Product 4 is Interaction. Students need a chance to discuss concepts among themselves. This seems to grow in importance as they mature and acquire greater autonomy and skepticism towards authority figures, including through professional experience. A relevant generational shift might also be underway for youth who have grown up with the world’s information at their digital fingertips. This learning is “N to N” among students themselves. The scale of the group depends on the means of interaction. In-person groups are scaled to local class size. Online interactions can be as vast as any platform allows.

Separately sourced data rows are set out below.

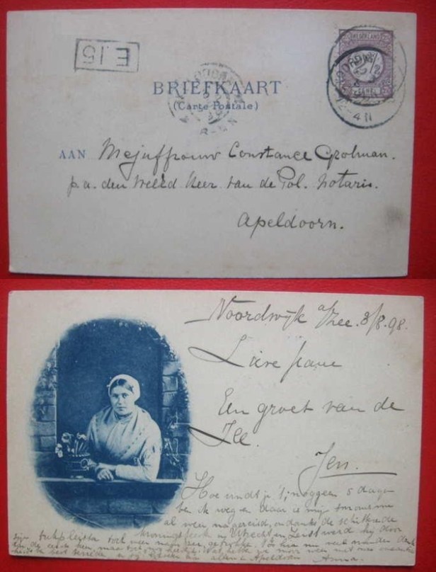 Noordwijk aan Zee, 8/8/98. Lieve Jeane, een groet van de zee, Jen. Hoe vindt je ‘t? Nog geen 5 dagen ben ik weg en daar is mijn ….. me al weer nagereisd en danke de schitterende kroningsfeesten in Utrecht en Zeist werd hij door zijn trekpleister toch weer naar zee getrokken…………. (kaart te koop op marktplaats.nl)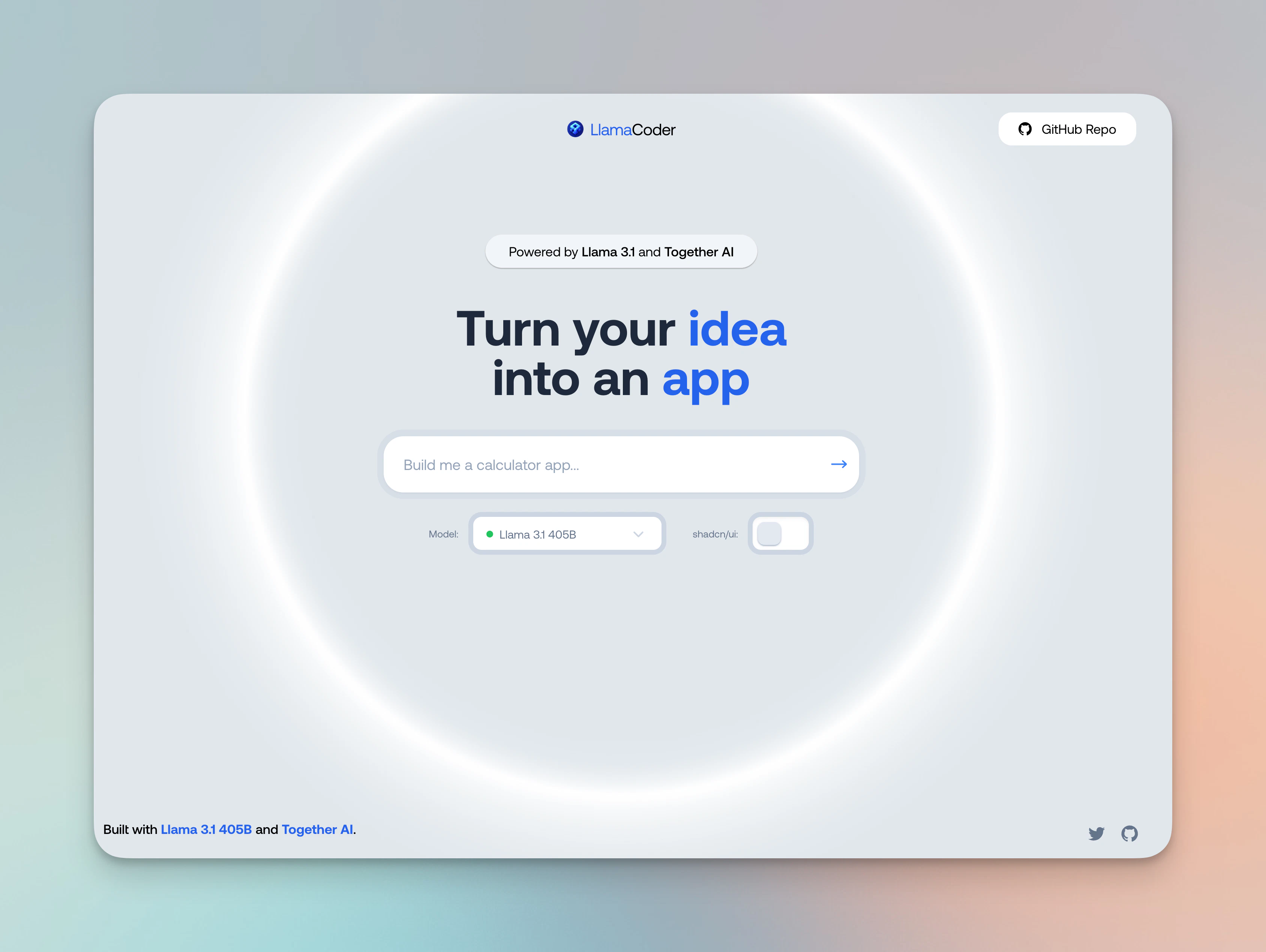 The core interaction of LlamaCoder is a text field where the user can enter a prompt for an app they’d like to build. So to start, we need that text field:
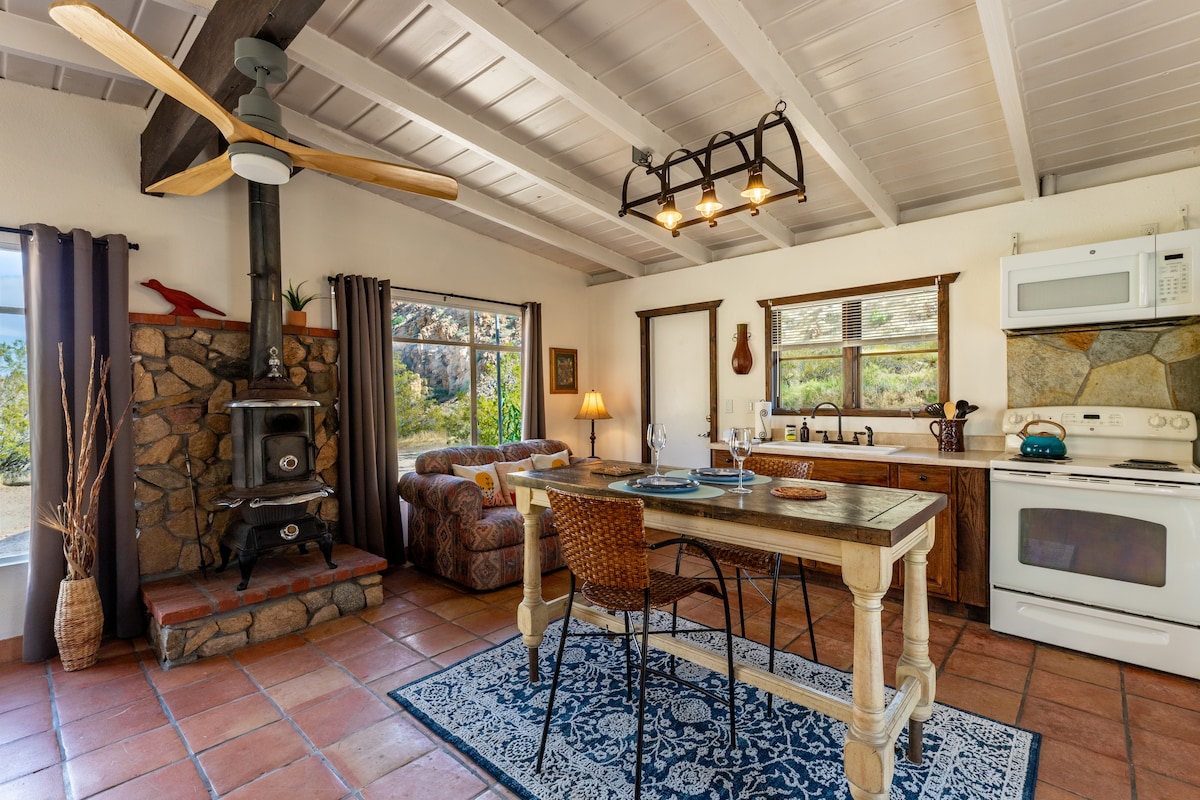 Mockingbird Cottage is a nature lover’s haven nestled up against a hillside on 2 private acres. This fully renovated, light filled, midcentury gem has high vaulted ceilings, a filtered water system, chef’s kitchen, folding glass doors that open to a birdwatching + yoga patio and a hot tub for stargazing. Located just a stone’s throw from Big Morongo Canyon Preserve, this dreamy hideaway offers a front row seat to 200+ species of migrating birds plus rabbits, squirrels and butterflies.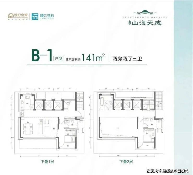141-151㎡的复式洋房,上下2层,一层2户设计,客餐厅6.95米开间,中空客厅6米挑高,U型厨房,得房率86.17%(不含赠送),空间可塑性比较强。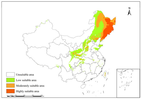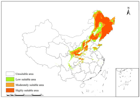 The probability of the output value of each grid cell in the model being between 0 and 1 can reflect the relative suitability. We reclassified the model output with the Jenks natural breaks method: grid cells with suitability values below 0.2 were considered unsuitable regions, and the remaining grid cells were categorized into three groups, in order of low-suitability regions (0.2–0.4), medium-suitability regions (0.4–0.6), and high-suitability regions (0.6–1.0). ArcGIS software was used to calculate the proportion of potentially suitable areas (PSAs) and create visualizing distribution maps of the final results [33].

Product 5 is Feedback. Most people appreciate objective comments when framed in the right tone. And learning outcomes need to be assessed, so that students can understand their own progress and how to improve. Traditionally this has come down to grading, where N was constrained by an individual instructor’s available time. Technology is fast improving in this realm, with new machine-reading technologies even marking essays. It is unclear how far automated grading can go, but the odds are that it will soon cover a larger N with higher quality than most of us currently imagine. One potential implication is that local professors will shift time allocations from ex-post evaluation towards ex-ante coaching. Instead of “how did you do yesterday?” the question becomes “how can you do better tomorrow?”
These five products might well be universal. Nonetheless, one must be cautious in predicting trends in a realm subject to such profound innovation. The changes may reshape many universities’ core business models. But the key point is that this suggests the death of neither the university nor of the classroom. Instead it should be seen as a source for targeted renewal. As the ancient overarching One to N model is unbundled, professors and institutions can refine their products to compete on the areas where their relative offerings are best. Some schools might face a hard time keeping pace with the need for change. But in the end, where things go well, the outcome should be dramatically improved opportunities for those who matter most: the students of generations to come.